Abstract
THAP1, the founding member of a previously uncharacterized large family of cellular proteins (THAP proteins), is a sequence-specific DNA-binding factor that has recently been shown to regulate cell proliferation through modulation of pRb/E2F cell cycle target genes. THAP1 shares its DNA-binding THAP zinc finger domain with Drosophila P element transposase, zebrafish E2F6, and several nematode proteins interacting genetically with the retinoblastoma protein pRb. In this study, we report the three-dimensional structure and structure-function relationships of the THAP zinc finger of human THAP1. Deletion mutagenesis and multidimensional NMR spectroscopy revealed that the THAP domain of THAP1 is an atypical zinc finger of approximately 80 residues, distinguished by the presence between the C2CH zinc coordinating residues of a short antiparallel beta-sheet interspersed by a long loop-helix-loop insertion. Alanine scanning mutagenesis of this loop-helix-loop motif resulted in the identification of a number of critical residues for DNA recognition. NMR chemical shift perturbation analysis was used to further characterize the residues involved in DNA binding. The combination of the mutagenesis and NMR data allowed the mapping of the DNA binding interface of the THAP zinc finger to a highly positively charged area harboring multiple lysine and arginine residues.

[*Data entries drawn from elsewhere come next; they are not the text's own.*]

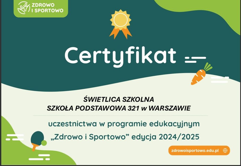 W roku szkolnym 2024/2025 nasza świetlica wzięła udział w ogólnopolskim programie edukacyjnym „Zdrowo i Sportowo”. Głównym celem programu było promowanie zdrowego stylu życia, aktywności fizycznej oraz kształtowanie właściwych nawyków żywieniowych wśród dzieci w wieku szkolnym. W ramach realizacji programu w świetlicy przeprowadzono szereg zajęć tematycznych, które łączyły edukację z ruchem i zabawą. W uznaniu za aktywny udział w programie nasza świetlica otrzymała certyfikat. Planujemy kontynuację działań prozdrowotnych w kolejnych latach.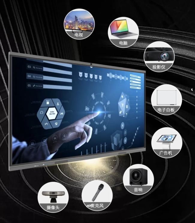 與傳統會議室所常用的投影儀、電視等設備相比,AOC智能會議平板All-in-one一體化集成電視、電腦、投影儀、電子白板、廣告機、音響、麥克風、攝像頭等設備功能 ,充分實現“一機多能”,告別繁瑣,讓會議應用更智能更便捷。要召開會議時,不必再手忙腳亂調試設備,一鍵啟動會議平板,即能展開高效會議。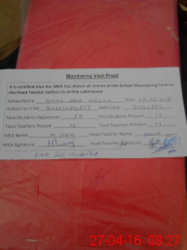 | EMIS Code: 31340682 | Name of School: GPS ABID COLONY | |||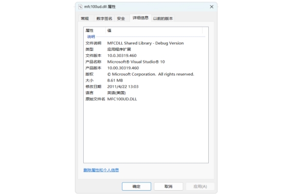 1、提供MFC库功能:mfc100ud.dll为应用程序提供Microsoft Foundation Class库的调试版本功能,支持C++开发者快速构建Windows应用程序。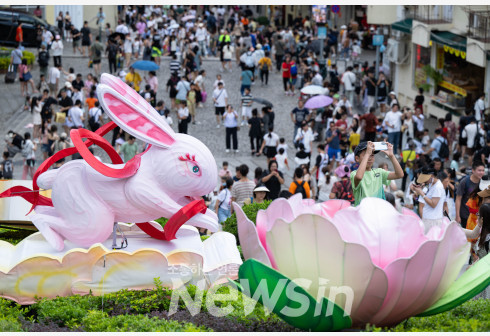 [뉴스인/신화통신] 민경찬 기자 = 28일(현지 시간) 중국 마카오의 성 바오로 성당 유적지에 관광객들이 모여 있다. 마카오 정부는 '중추절'(9월29일)과 '국경절'(10월1일)을 앞두고 시민과 관광객이 명절 분위기를 만끽하도록 성 바오로 성당 유적지와 세나도 광장에 '즐거운 중추절, 함께하는 국경절'이라는 주제로 연등과 조형물을 설치했다.
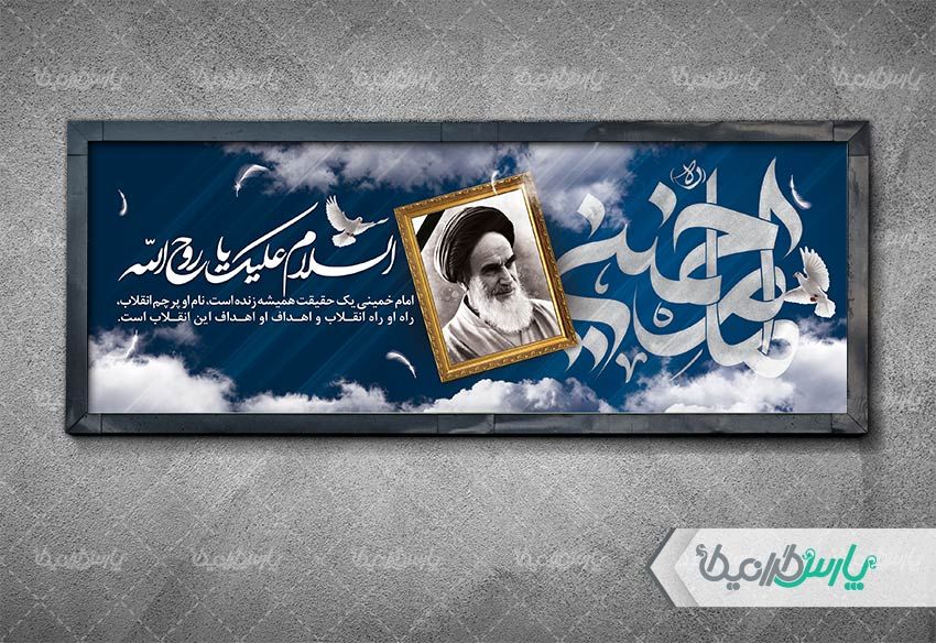 طرح لایه باز بنر رحلت امام خمین ره بصورت افقی با پس زمینه سورمه ای طراحی شده است .

Together, these data represent the first structure-function analysis of a functional THAP domain, with demonstrated sequence-specific DNA binding activity. They also provide a structural framework for understanding DNA recognition by this atypical zinc finger, which defines a novel family of cellular factors linked to cell proliferation and pRb/E2F cell cycle pathways in humans, fish, and nematodes.
Highlights
We showed that the THAP domain of THAP1, the prototype of the THAP family [8], possesses zinc-dependent sequence-specific DNA binding activity and recognizes a consensus DNA target sequence of 11 nucleotides (THABS, for the THAP1 binding sequence) [7], considerably larger than the 3– 4 nucleotides motif typically recognized by classical C2H2 zinc fingers [2, 7]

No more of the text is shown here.